Deciding that I'm not going to fall asleep any time soon I decided to get up. I grabbed my sketchbook and a pencil and made my way downstairs. I tiptoed past all the sleeping boys on the couches. I went to the kitchen, made a warm cup of tea, and went out to the patio by the pool and sat on the swing. I turned on the dimmest light so I wouldn't wake everyone up.

I looked out at the pool and let my thoughts run wild. Then the fight between me and Alex came to mind, I looked down at my tattoo on my wrist and lightly rubbed it with my thumb. I was still hurt by what he said to me, but I don't blame him. At the time I was mad at him but then I slowly realized the only reason someone is truly angered by another's words, is when those words are brutally honest.

I guess I had piggy backed off by his friends.
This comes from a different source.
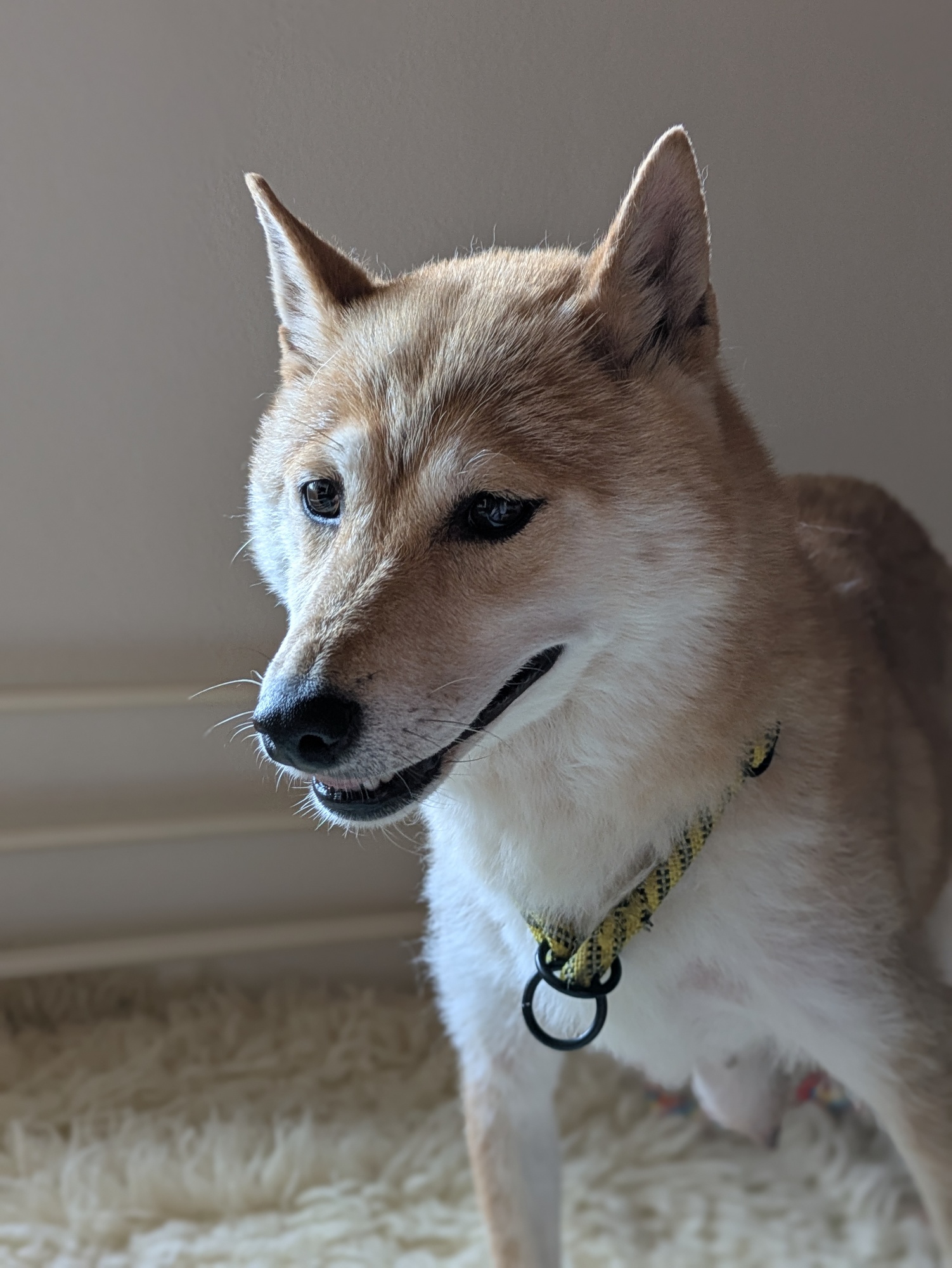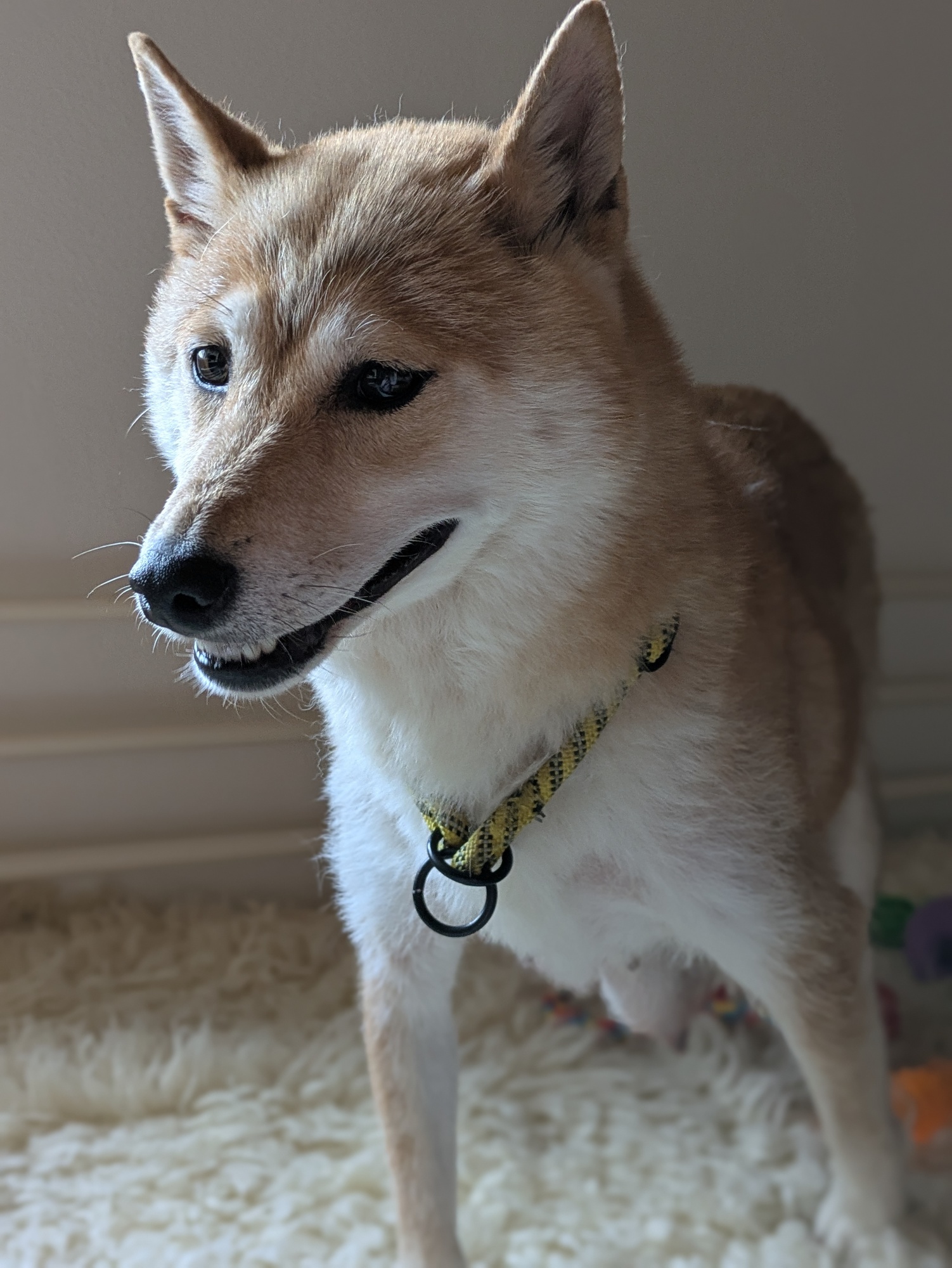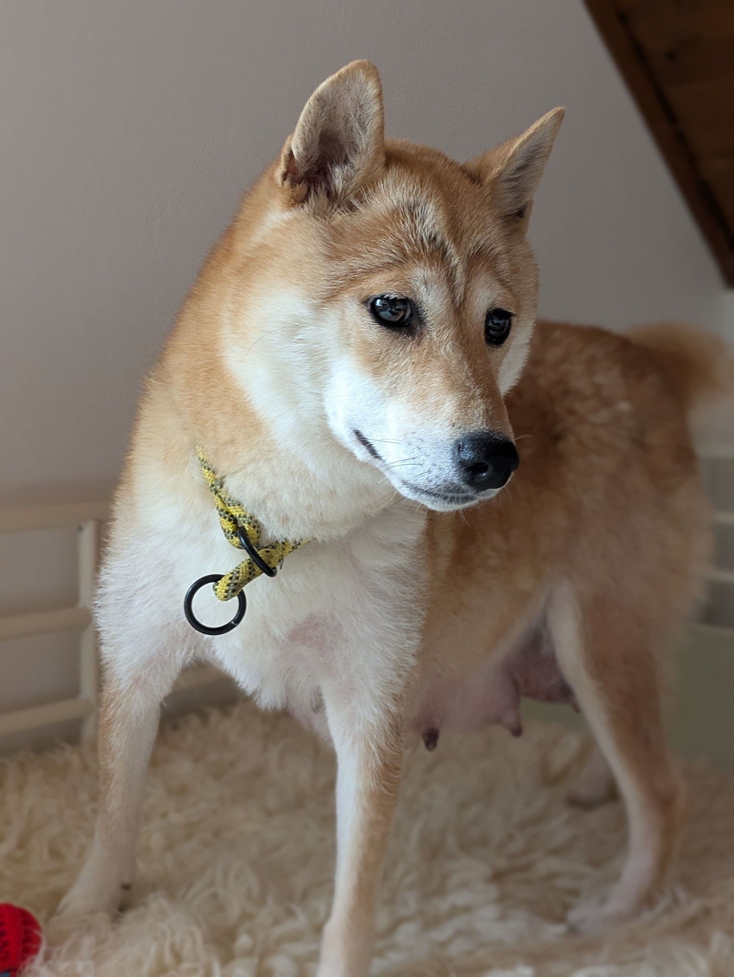 Natálka k nám přišla bázlivější, ale pomalu a jistě se "otrkává". Naučila se u nás chodit po schodech, venčit venku, pomalu učíme i vodítko, při kterém vždy zkoprněla. Má opravdu moc ráda lidi, u kterých velmi rychle zjistí, že jí nechtějí ublížit. Venku si začíná radostně poskakovat, hrát si a mít opravdovou radost ze života :-) Chtěli bychom pro ní spíš klidnější rodinu než rodinu s malými dětmi, které kolem ní budou pobíhat a pokřikovat.
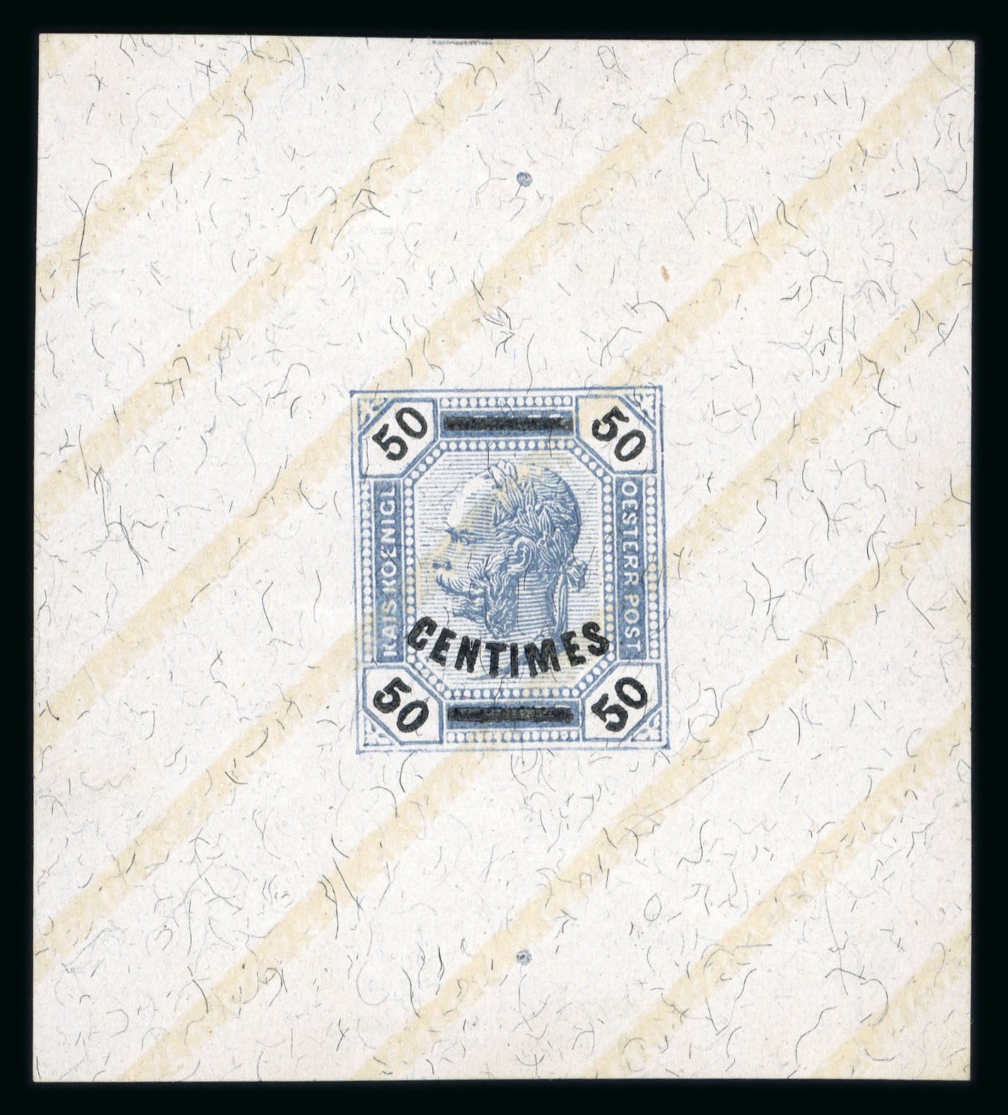 1903-04, Einzel-Aufdruckprobe der 50H - Marke mit Lackstreifen von links unten nach rechts oben, ohne Gummi wie hergestellt, Attest Buder, Befund Puschmann, ANK 4 P II, KW 400€. (Image 1)

I will always be the little sister of their best friend. I can't even start with Warren if my feelings became known it would end horribly. On the very slight possibility that he does like me, Alex would feel betrayed. I guess I have to get used to distancing myself from them, especially Warren.

I will never be the type of girl that Warren would want. I mean look at me who would want the fat girl who is traumatized by what another man has done to her. And that is one of my deepest fears, people think I'm disgusted because of what he did. I'm scared of people seeing me the way I see myself.

I don't think I could handle it if any of them found out. I let myself slip from my reality and into a perfect dream. But I need to wake up and do what is best for everyone else, which is distancing myself.

I took a deep breath and exhaled all my thoughts. I looked down at my sketch book and what was on the page shocked me. I don't remember drawing this, but it is the perfect representation of how I feel.

My thoughts are poisoned, and this poison is spreading like wildfire in my head. My mind is overgrown with deep thoughts, they are planting their seeds and growing roots. There are only dark ones now, leaving no room for the light. It's the most suffocating feeling I have ever felt.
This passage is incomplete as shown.